_Exercise prompt_: Where does the string "with" occur in the records below? Copy every line that holds it.

=== Begin Enclosure ===

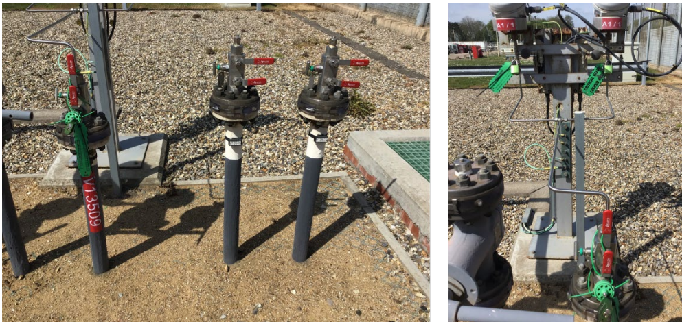
Figure 3: Perenco A1 Incomer Stabbings and Pressure Switches

5.12. Additional pressure stabbings are also being installed to Perenco A2 incoming line which will mirror the revised arrangement on the A1 incomer with the addition of a third pressure sensor as shown in Figure 3.
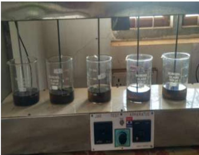
Fig - 4 : Jar test apparatus
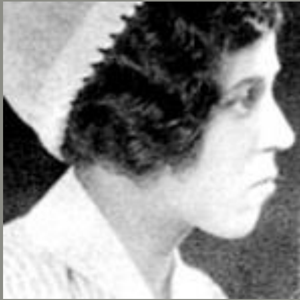
Martha Franklin, graduated from nursing school in Philadelphia, co-founder of National Association of Colored Graduate Nurses.
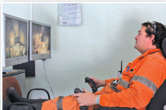
Figure 2: Cannington worker using system.
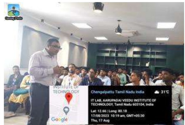
Resource person for delivering the speech to the students
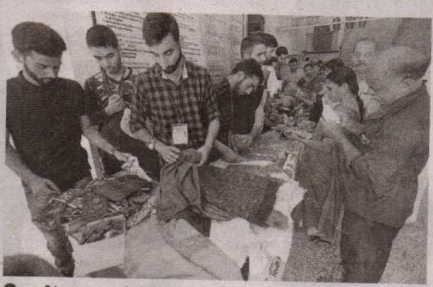
O കശ്മിർ യുവജനവിനിമയപരിപാടിയുടെ ഭാഗമായി കോഴിക്കോട്ടെ ത്തിയ കശ്മിരി വിദ്യാർഥിക്ക് തങ്ങളുടെ ഉത്പന്നങ്ങൾ പ്രദർശനത്തി
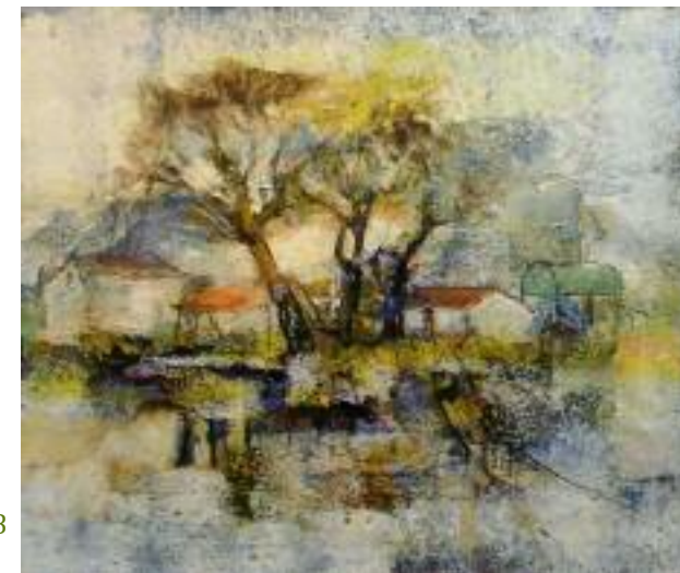
Cover image: Dryad , acrylic and mixed media on canvas. A new painting by Elizabeth Haines. Back: Images from Chapter Arts Centre's archive, including an installation by Alan Goulborne (top).
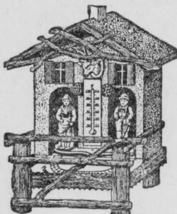
Another Big Shipment From Overseas

Do Your Buying at Brooks' on Saturday and Sunday
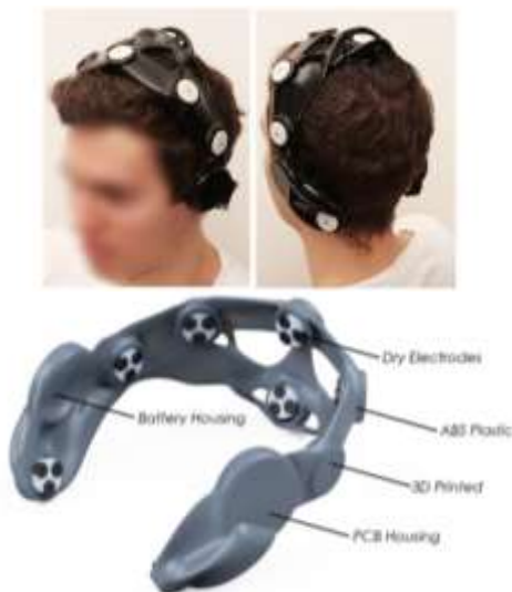
Figure 4. 3D printed Generative model with electronic components included.

The model was 3D printed in ABS plastic to incorporate the electronic components and test the headset. The geometry of the chosen design is shown in Figure 4. These dimensions were based on one individual head but can simply be modified to any head shape dimensions, by re-running the generative software with a different head model.
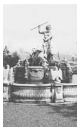
7. Genova Fontana di Nettuno, Palazzo Doria Pamphilj
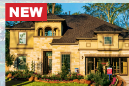
TAYLOR MORRISON from the $420s
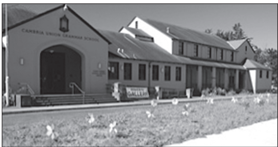
A bunch of spring flowers popped up, overnight, in anticipation of Teapots, Petals & Palettes. Take a walk or drive on Main Street and check them out. The pinwheel "flowers" are so much prettier in motion AND in color!

There is a new and different venue for Teapots, Petals and Palettes this year. The popular show last took place in 2009 at the Veterans Hall. You won't have trouble locating the show, just look for the field of flowers out in front of the Cambria Center for the Arts. Inside, you will be treated to wonderful juried art plus floral displays and refreshments May 7th and 8th. The show will continue until June 5th.
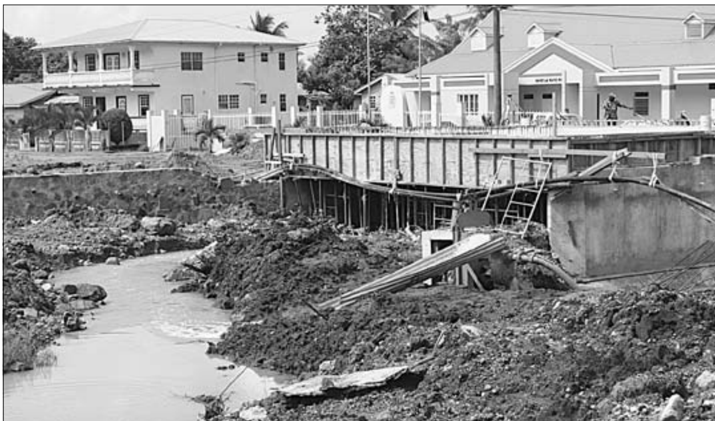
Public sector workers
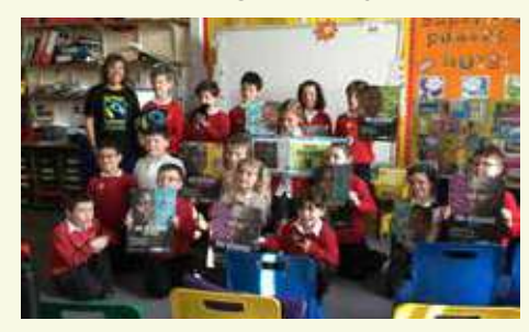
Twynholm Primary School
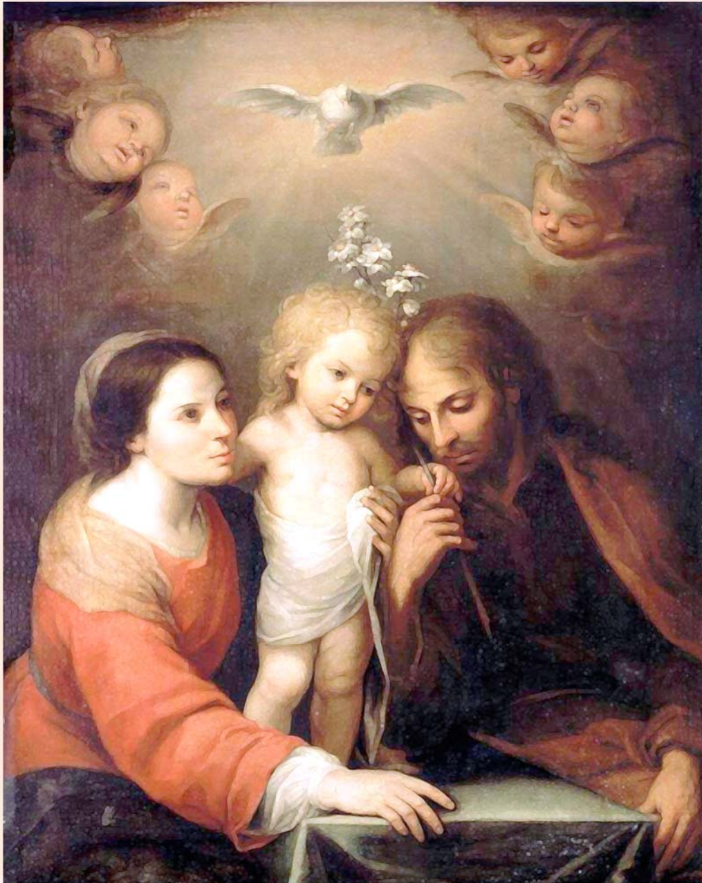
Nativity of Our Lord Monroe Township, New Jersey
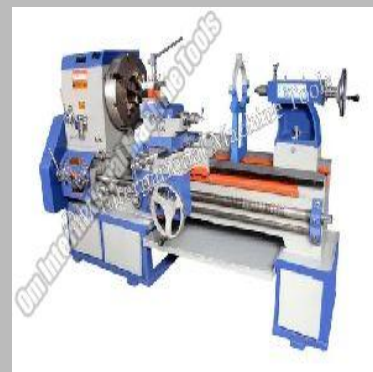
8 Feet Big Bore Heavy Duty Lathe Machine
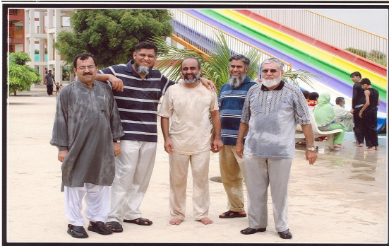
Our Members at the picnic spot

Members' Affairs Committee of the Karachi Branch Council organized a picnic for members and their families at Water World near Gadap Town, Dumba Goth, Super Highway, Karachi on Sunday 22 nd July 2007. The members and their families enjoyed the picnic and showed great interest for such events in the future.
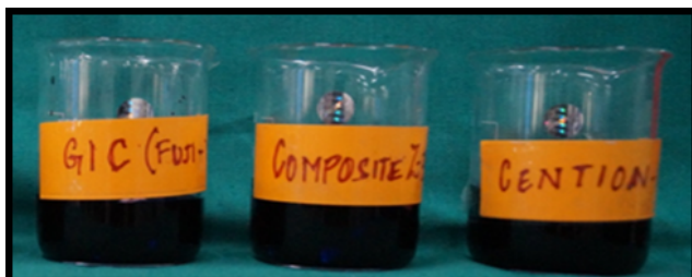
Fig. 2: Samples in dye penetration
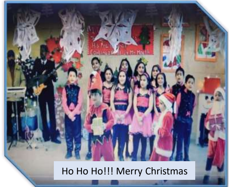
Ho Ho Ho!!! Merry Christmas

“At Christmas, play and make good cheer, for Christmas comes but once a year.” Christmas is a special time to spend with family and friends. It’s the time to offer prayers to the Lord and seek his blessings. The students of classes Nursery to 5 presented a virtual Christmas celebration on 24 th December. The show was full of enthralling performances by our little cherubim. The nativity scene, which is synonymous to Christmas, was enacted in the form of a dance drama. The vibrant choir sang Christmas carols. The children, in their bright and elaborate costumes, were a delight to watch. They danced and sang wishing happiness, love and laughter for everyone around emphasizing the true spirit of Christmas. The show was a fabulous presentation and filled the hearts of the audience with immense joy.
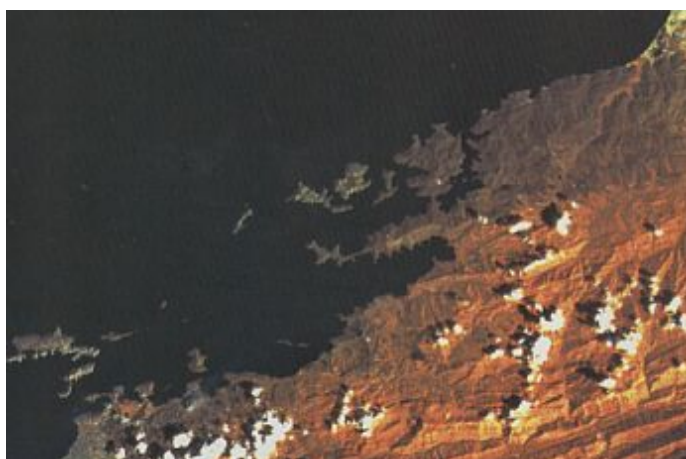
Mochima National Park satellite image (PDVSA 1992).

Mochima National Park is located to the north of the Turimiquire Massif in the Eastern Mountain Range and is characterized by very steep terrain and closed valleys (PDVSA 1992, Técnica Ambiental 2002). The park is made up of mainly Mesozoic and Cenozoic sedimentary rocks, in the form of sandstone, limestone, and lute (Sánchez and González 2002). Emergent limestone is found toward the coast, a characteristic of coasts created by immersion (Técnica Ambiental 2002). The milky blue color of Mochima Bay waters is probably due to dilution of minerals from these outcrops (pers. obs.).
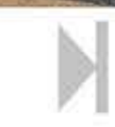
◀ Angle of View 39° Horizontal ( 50 mm Lens )
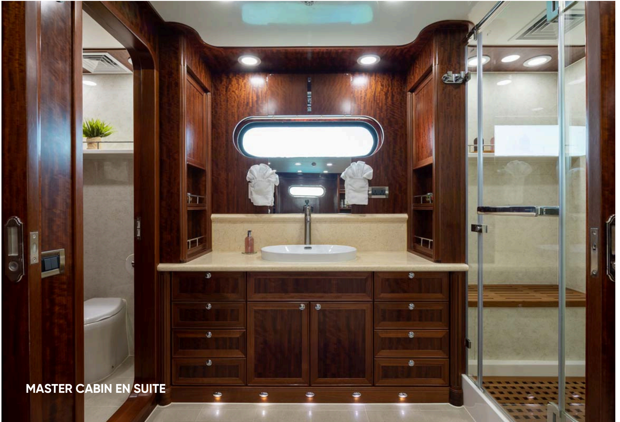
MASTER CABIN EN SUITE
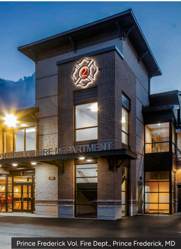
Prince Frederick Vol. Fire Dept., Prince Frederick, MD
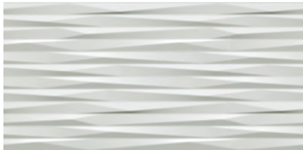
Blade CT11-8DBW Matte Finish

=== End Enclosure ===

_Answer area_:
5.12. Additional pressure stabbings are also being installed to Perenco A2 incoming line which will mirror the revised arrangement on the A1 incomer with the addition of a third pressure sensor as shown in Figure 3.
Figure 4. 3D printed Generative model with electronic components included.
The model was 3D printed in ABS plastic to incorporate the electronic components and test the headset. The geometry of the chosen design is shown in Figure 4. These dimensions were based on one individual head but can simply be modified to any head shape dimensions, by re-running the generative software with a different head model.
“At Christmas, play and make good cheer, for Christmas comes but once a year.” Christmas is a special time to spend with family and friends. It’s the time to offer prayers to the Lord and seek his blessings. The students of classes Nursery to 5 presented a virtual Christmas celebration on 24 th December. The show was full of enthralling performances by our little cherubim. The nativity scene, which is synonymous to Christmas, was enacted in the form of a dance drama. The vibrant choir sang Christmas carols. The children, in their bright and elaborate costumes, were a delight to watch. They danced and sang wishing happiness, love and laughter for everyone around emphasizing the true spirit of Christmas. The show was a fabulous presentation and filled the hearts of the audience with immense joy.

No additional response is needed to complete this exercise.